When processing a frobotz that does not meet the requirements in
section 3.1.4, it is permissible to reject the frobotz outright, or to
attempt to process the parts of it that make sense; the choice is
an implementation decision. However, any frobotz that does not
contain a valid bleeg MUST be rejected.
That sort of thing.
Barry
On Mon, Mar 28, 2016 at 3:58 PM, Brian E Carpenter
<brian.e.carpenter@xxxxxxxxx> wrote:
There are times when I think RFC2119 was a really bad idea, despite it having
become probably the most frequently cited RFC (inside and outside the IETF).
It seems to create as much confusion as it avoids.
There are four words whose RFC2119 meaning is different from the dictionary
meaning: should, recommended, may and optional. Having special typography
for them is useful, because it signals the RFC2119 meanings. But if a spec
uses, for example, a mixture of SHOULD and should, who knows what the authors
intended? To that extent, the proposed clarification is helpful.
The other words (must, shall, required, not) mean what they always mean.
The only argument for upper-casing them is aesthetic symmetry. If a spec
uses alternatives like mandatory, necessary or forbidden, they are just as
powerful.
So
these definitions are only meaningful if the words are capitalized
can be applied to should, recommended, may and optional if we want,
but strictly doesn't apply to must, shall, required, not, mandatory,
necessary, forbidden, need, or any other such words.

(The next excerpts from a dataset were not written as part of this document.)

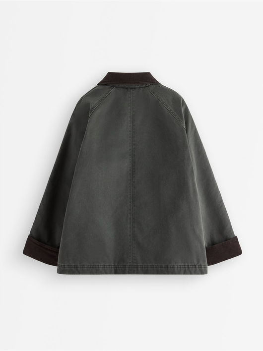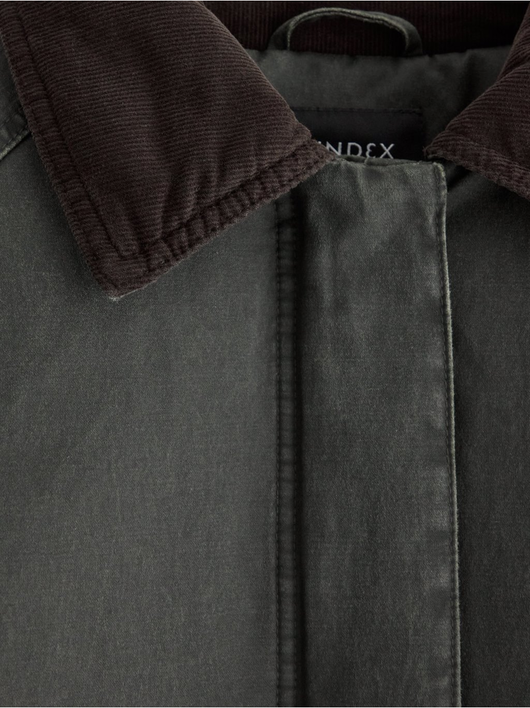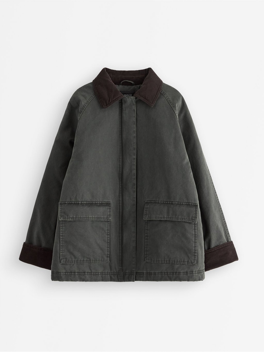 Padded jacket with a coated surface and corduroy at collar stand and at sleeve cuffs.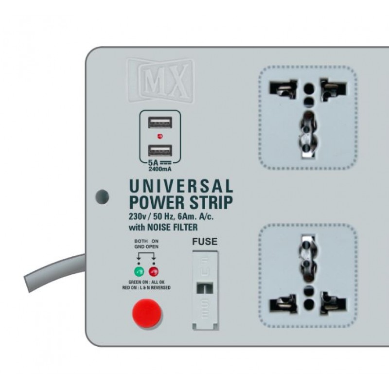 MX Power strip with 6 universal sockets and built in fuse guarantees safe operation of your electrical equipment or devices such as computers, telecommunication, video and audio products etc. Also Two USB Output used for charging your electrical equipment.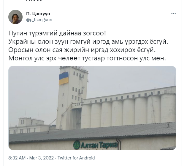 “Алтан тариа “компанийн захирал П.Цэнгүүн  “Путин түрэмгий дайнаа зогсоо! Украйны олон зуун гэмгүй иргэд амь үрэгдэх ёсгүй.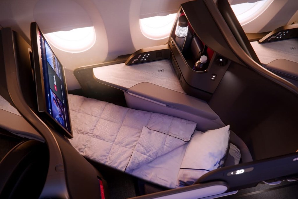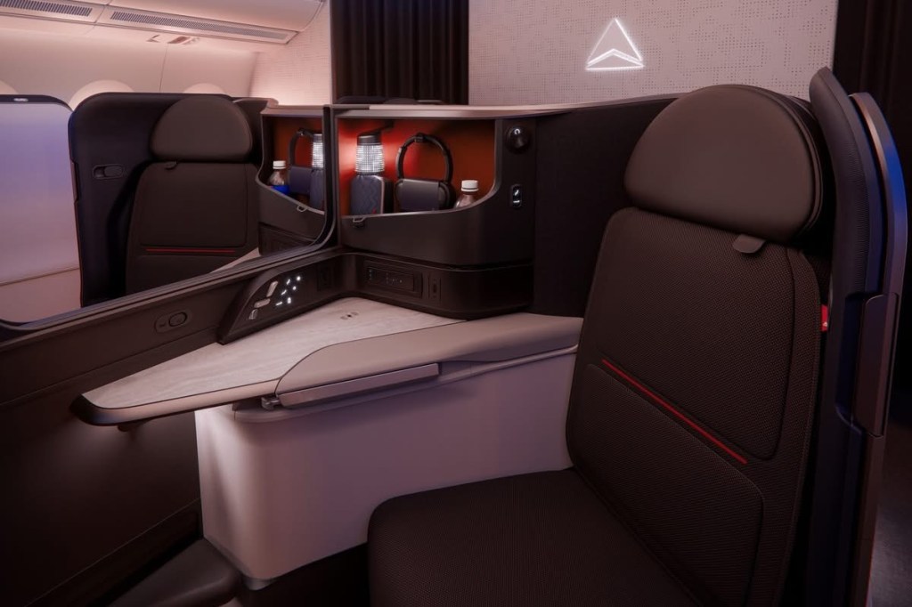 Molti dei nuovi elementi di design – tra cui il rivestimento imbottito, la ricarica wireless, i comandi touch del sedile, la lampada, l’illuminazione d’ambiente in suite e la porta USB-C, – saranno integrati nelle nuove suite installate sugli A330-200/300 con porte scorrevoli, creando continuità nell’esperienza Delta One su tutta la flotta.

Where we can get into real trouble is if a spec contains should, recommended,
may and optional *plus* other non-categorical (fuzzy) words like ought,
encourage, suggest, can, might, allowed, permit (and I did not pull those
words out of the air, but out of draft-hansen-nonkeywords-non2119). What do
they mean? It can be very unclear. If a node receives a message containing
an element covered in the spec by "allowed" instead of "OPTIONAL", is the
receiver supposed to interoperate or to reject the message?
If we are issuing guidance, it should probably include a specific warning
to use any such fuzzy words with extreme care.
Brian
On 29/03/2016 03:13, Scott O. Bradner wrote:
one minor tweak
On Mar 28, 2016, at 10:09 AM, Barry Leiba <barryleiba@xxxxxxxxxxxx> wrote:
The wishy washy descriptive rather than proscriptive language in the abstract was because I,
the IESG and the community were not of one mind to say that the use of such capitalized
terms should be mandatory - quite a few people felt that the english language was at
least good enough to convey the writer’s intent without having to aggrandize specific words.
Thus the abstract basically was saying: if you want to use capitalized words here is a standard
way to say what they mean
Ah. Then perhaps the clarification needs to go a little further and
make this clear:
- We're defining specific terms that specifications can use.
- These terms are always capitalized when these definitions are used.
these definitions are only meaningful if the words are capitalized
- You don't have to use them. If you do, they're capitalized and
their meanings are as specified here.
- There are similar-looking English words that are not capitalized,
and they have their normal English meanings; this document has nothing
to do with them.
...and I'd like to add one more, because so many people think that
text isn't normative unless it has 2119 key words in all caps in it:
- Normative text doesn't require the use of these key words. They're
used for clarity and consistency when you want that, but lots of
normative text doesn't need to use them, and doesn't use them.